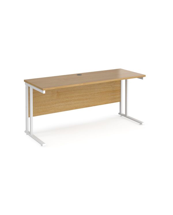 Maestro 25 straight desk 1600mm x 600mm - white cantilever leg frame, oak top
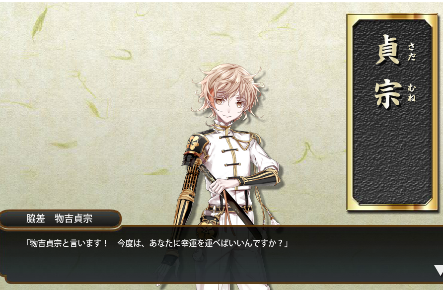 ずっと放置してた池田屋マップをようやくクリアして、ボスマス一発目で物吉くんを手に入れました!
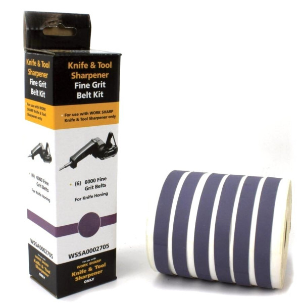 Стрічки Work Sharp зернистістю 6000 грит є універсальними в експлуатації. З їх допомогою можна доглядати не лише за інструментами з прямим заточуванням. Вони також підходять для обробки зубчастих лез та ножів специфічної форми gut hook, які мають виріз гакоподібної форми.
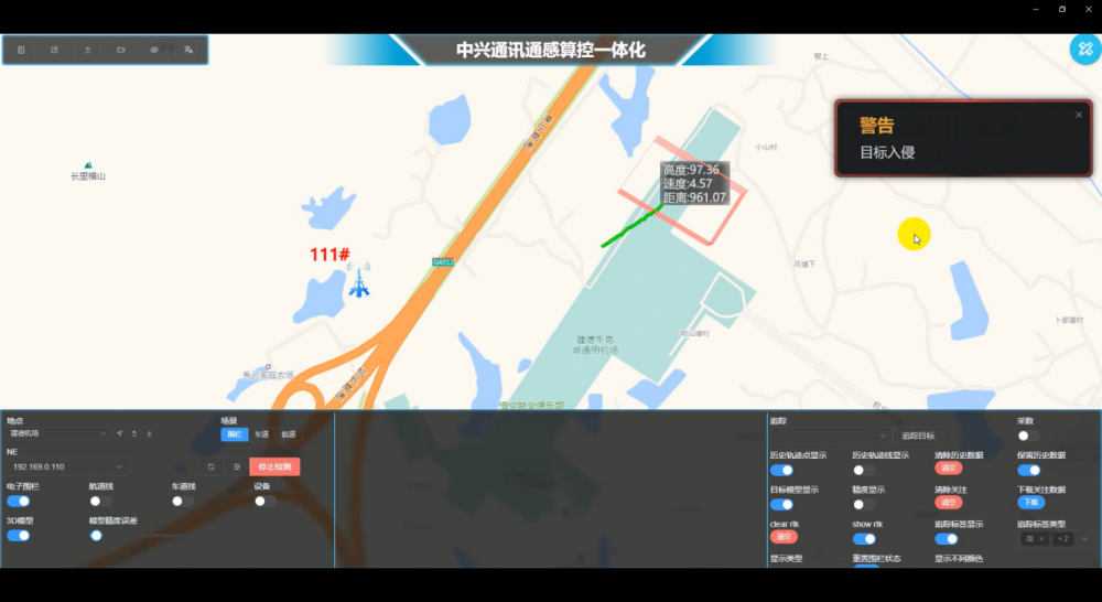 “我們采用128TR自發(fā)自收的5G-A通感一體化基站,通過超大規(guī)模陣列、連續(xù)波加脈沖波等領先技術完成對建德航空小鎮(zhèn)通用機場區(qū)域的全天候感知監(jiān)測,實現(xiàn)對機場直升機150米最高飛行高度和9m/s最大飛行速度的全程精準感知和實時上報。”浙江移動工作人員介紹道:“同時在指定區(qū)域構(gòu)建禁飛區(qū)電子圍欄,只要有非法無人機進入電子圍欄就能被感知,并發(fā)出告警,保障航空小鎮(zhèn)空域安全。”
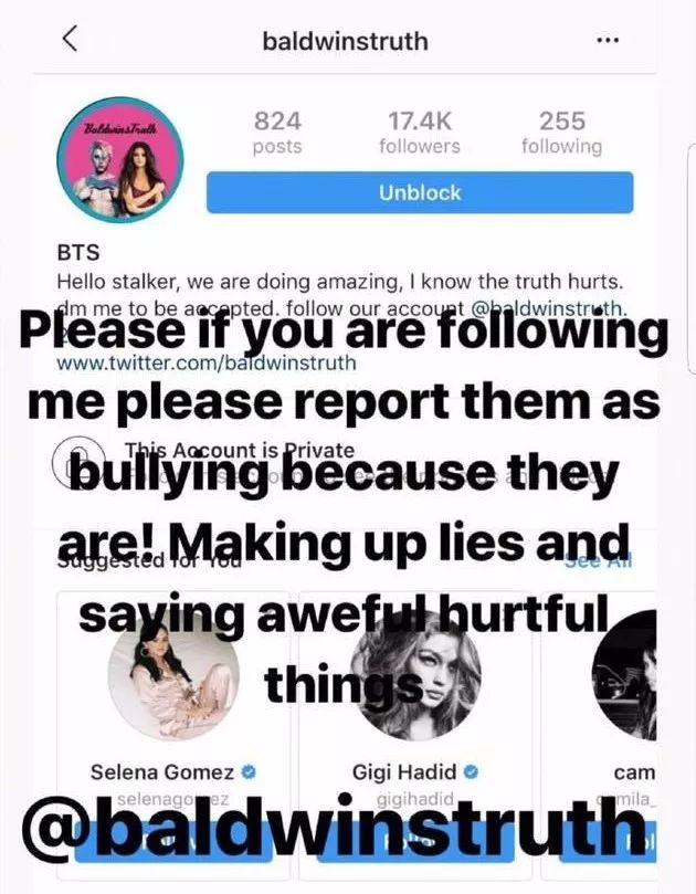 4月份继续跟比伯赛琳娜的CP粉们扯来扯去,甚至把CP粉的ins主页截图,并配文“如果你在关注我,请举报他们,因为他们在编造散播谎言,还说一些伤人并令人伤心的话。”
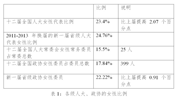 妇女享有平等参与国家和社会事务管理的机会。十二届全国人大女性代表比例比上届提高2.07个百分点,达到23.4%;十二届全国人大常委会现有女性委员25人,占委员总数的15.5%。十二届全国政协有女性委员399人,占委员总数的17.84%。2011-2013年换届的新一届省级人大代表女性比例达到24.76%;新一届省级政协委员中女性比例达到22.22%。2015年省级政府领导班子配备女性干部比例比2012年有明显提升。2014年,在企业董事会、监事会中,女职工董事、监事占职工董事和监事的比例分别为40.1%和41.5%。
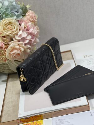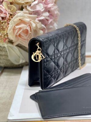 The Lady Dior pouchis distinguished by the emblematic Cannage topstitching and a detachable ‘D.I.O.R.’ charm. This unique accessory may be worn with or without its chain strap and features two removable elements: a card holder and a zipped pouch. Each may be carried individually. The pouch will instantly stand out and pairs well with other pieces from the same line.
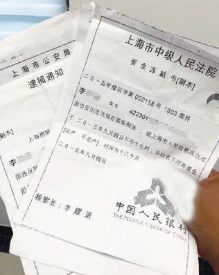 半信半疑的小美,次日拨通了“民警” 提供的电话,对方让小美申请财产保全,如果不信可以接收两份传真通知。小美随后看到,传真过来的上海市公安局“逮捕通知”和上海市中级人民法院“资金冻结书”上,均有自己的照片以及身份信息(如右图)。
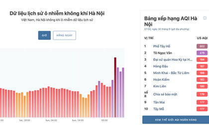Sáng nay (30.9), nhiều khu vực ở Hà Nội có mức chỉ số chất lượng không khí AQI chuyển sang màu tím và nâu -...
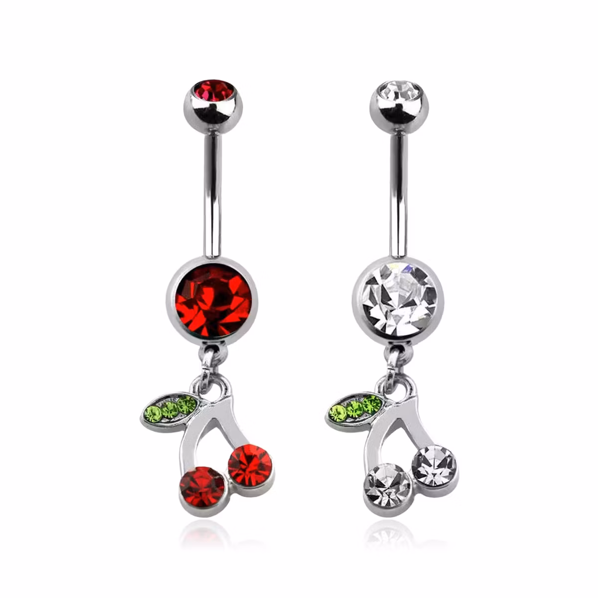 Navelsmycke / banan 1.6mm kirurgiskt stål med hänge - körsbär
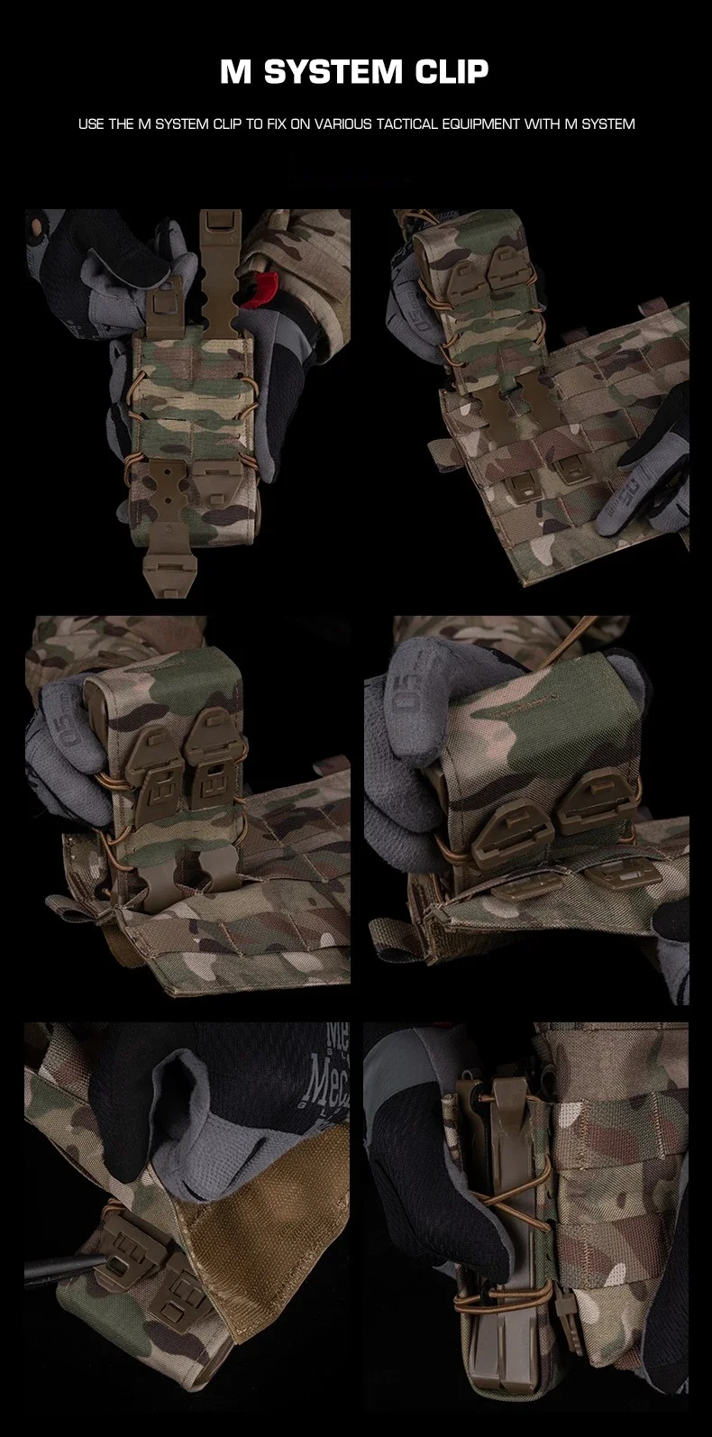 2: Molle system design. Molle Single Pistol Magazine Pouch can also be attach to the vest,belt,backpack.
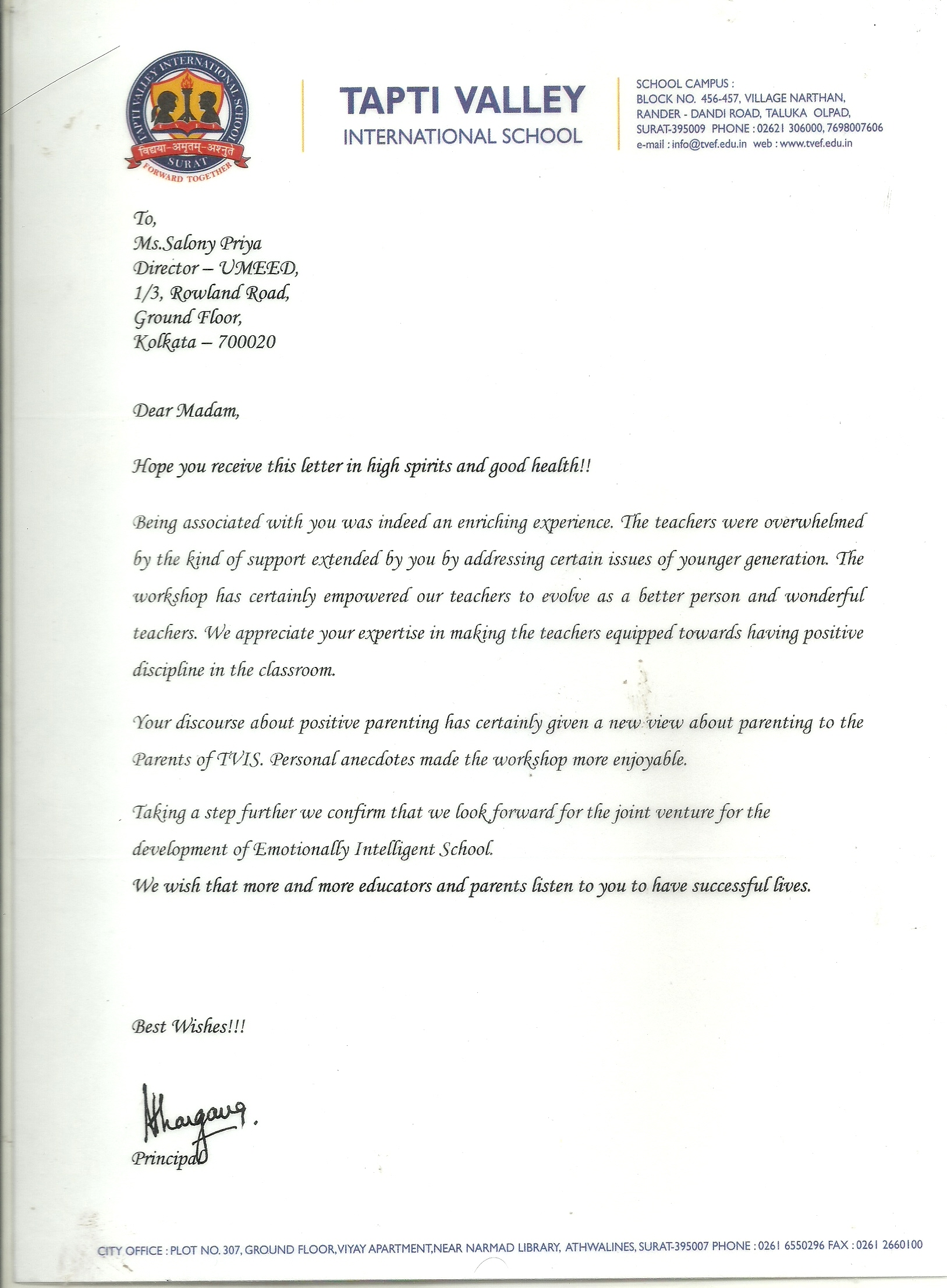 On behalf if Indian School Muladha, I would like to express my sincere gratitude for your invaluable ...
○ ○ ○ ○ ○
WORK ITEM:
Every line above should be copied exactly; do not carry over the pictures.

ANSWER TO THIS TASK:
 Maestro 25 straight desk 1600mm x 600mm - white cantilever leg frame, oak top
 ずっと放置してた池田屋マップをようやくクリアして、ボスマス一発目で物吉くんを手に入れました!
 Стрічки Work Sharp зернистістю 6000 грит є універсальними в експлуатації. З їх допомогою можна доглядати не лише за інструментами з прямим заточуванням. Вони також підходять для обробки зубчастих лез та ножів специфічної форми gut hook, які мають виріз гакоподібної форми.
 “我們采用128TR自發(fā)自收的5G-A通感一體化基站,通過超大規(guī)模陣列、連續(xù)波加脈沖波等領先技術完成對建德航空小鎮(zhèn)通用機場區(qū)域的全天候感知監(jiān)測,實現(xiàn)對機場直升機150米最高飛行高度和9m/s最大飛行速度的全程精準感知和實時上報。”浙江移動工作人員介紹道:“同時在指定區(qū)域構(gòu)建禁飛區(qū)電子圍欄,只要有非法無人機進入電子圍欄就能被感知,并發(fā)出告警,保障航空小鎮(zhèn)空域安全。”
 4月份继续跟比伯赛琳娜的CP粉们扯来扯去,甚至把CP粉的ins主页截图,并配文“如果你在关注我,请举报他们,因为他们在编造散播谎言,还说一些伤人并令人伤心的话。”
 妇女享有平等参与国家和社会事务管理的机会。十二届全国人大女性代表比例比上届提高2.07个百分点,达到23.4%;十二届全国人大常委会现有女性委员25人,占委员总数的15.5%。十二届全国政协有女性委员399人,占委员总数的17.84%。2011-2013年换届的新一届省级人大代表女性比例达到24.76%;新一届省级政协委员中女性比例达到22.22%。2015年省级政府领导班子配备女性干部比例比2012年有明显提升。2014年,在企业董事会、监事会中,女职工董事、监事占职工董事和监事的比例分别为40.1%和41.5%。
 The Lady Dior pouchis distinguished by the emblematic Cannage topstitching and a detachable ‘D.I.O.R.’ charm. This unique accessory may be worn with or without its chain strap and features two removable elements: a card holder and a zipped pouch. Each may be carried individually. The pouch will instantly stand out and pairs well with other pieces from the same line.
 半信半疑的小美,次日拨通了“民警” 提供的电话,对方让小美申请财产保全,如果不信可以接收两份传真通知。小美随后看到,传真过来的上海市公安局“逮捕通知”和上海市中级人民法院“资金冻结书”上,均有自己的照片以及身份信息(如右图)。
Sáng nay (30.9), nhiều khu vực ở Hà Nội có mức chỉ số chất lượng không khí AQI chuyển sang màu tím và nâu -...
 Navelsmycke / banan 1.6mm kirurgiskt stål med hänge - körsbär
 2: Molle system design. Molle Single Pistol Magazine Pouch can also be attach to the vest,belt,backpack.
 On behalf if Indian School Muladha, I would like to express my sincere gratitude for your invaluable ...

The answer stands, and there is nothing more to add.